Métodos no dirigidos
Las bibliotecas espectrales de Prosit permiten la interrogación de datos de DIA y pueden usarse para experimentos de DDA que emplean herramientas como MSPepSearch (NIST, Zhang et al.)Los datos de DDA requieren solo el archivo FASTA de proteínas y una lista de PTM que pueden estar presentes en la muestra. El análisis con ModPred predijo 17 PTM posibles. La amidación fue la PTM predicha más frecuente, pero no existe un mecanismo biológico conocido que podamos derivar de un estudio de la literatura. La palmitoilación, la segunda PTM predicha más frecuente, es una PTM viral bien caracterizada con funciones críticas en el virus de la inmunodeficiencia humana (VIH), el virus del herpes humano (HHV) y la infectividad del virus de la influenza. (Serwa et al., Veit et al., Veit et al.)
Descripción | ProteomeXchange Identificador |
Respuesta del proteoma Calu-3 a un clon infeccioso de las vías respiratorias del Medio Oriente Síndrome coronavirus | PXD002358 |
Respuesta del metaboloma de Calu-3 a un clon infeccioso del Medio Oriente Coronavirus del síndrome respiratorio | PXD002359 |
Respuesta de lipidoma Calu-3 a un clon infeccioso de las vías respiratorias del Medio Oriente Síndrome coronavirus | PXD002360 |
Respuesta del proteoma Calu-3 a un clon infeccioso del virus de la influenza H7N9 y virus H7N9 mutantes | PXD002385 |
Respuesta del metaboloma de Calu-3 a un clon infeccioso del virus de la influenza H7N9 y virus H7N9 mutantes | PXD002362 |
Conjuntos de datos de LCMS para otros coronavirus
El Consorcio ProteomeXchange es una plataforma de acceso abierto para el intercambio rápido de datos de proteómica.
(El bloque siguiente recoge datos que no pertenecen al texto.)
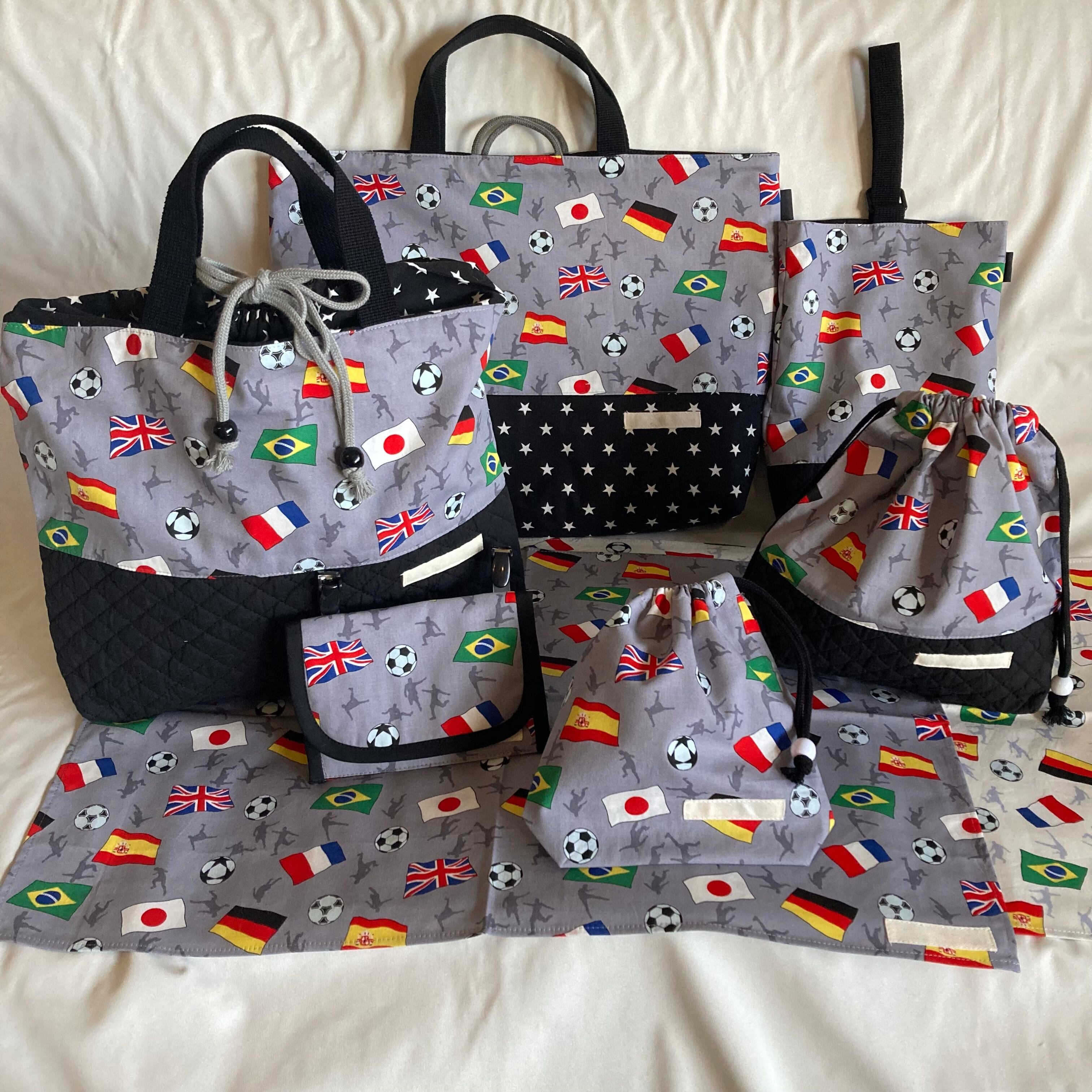 【オーダーOK】入園入学シューズケース上履き袋リバーシブル上靴80サッカー世界国旗スポーツ★お名前小学校マチ★ラッピングDカン持ち手アメリカ台湾韓国フランスインドネシアアフリカブラジル

Las revistas técnicas proteómicas prominentes, el Journal of Proteome Research and Molecular and Cellular Proteomics, requieren estrictamente que todos los archivos de instrumentos no procesados y los resultados procesados se hagan públicos a través de estos servicios. Al intentar obtener datos de coronavirus, identificamos datos de metabolómica, lipidómica y proteómica no publicados generados a partir de muestras humanas infectadas con el síndrome respiratorio del Medio Oriente (MERS-CoV). Proporcionamos estos datos, así como una lista de otros estudios proteómicos notables, para su uso en estudios comparativos con SARS-CoV-2.
Conclusiones
Utilizando métodos in silico, Orsburn et al. desarrollaron métodos para la detección de SARS-CoV-2 en muestras humanas. Se requiere la validación in vitro de este método y está fuera del alcance del estudio. Los autores además proporcionan los materiales mínimos para el procesamiento de datos para los métodos de proteómica no dirigida DDA y DIA con bases de datos FASTA, bibliotecas espectrales y prediciendo PTM relevantes para su consideración. Para ampliar la cantidad de laboratorios que pueden aplicar estos métodos, se optimizaron los parámetros de ejecución para sistemas LCMS ampliamente utilizados compatibles con Skyline, que representan instrumentos de cinco compañías. Cualquier nuevo refinamiento o actualización de estos métodos, será publicado en en LCMSmethods.org.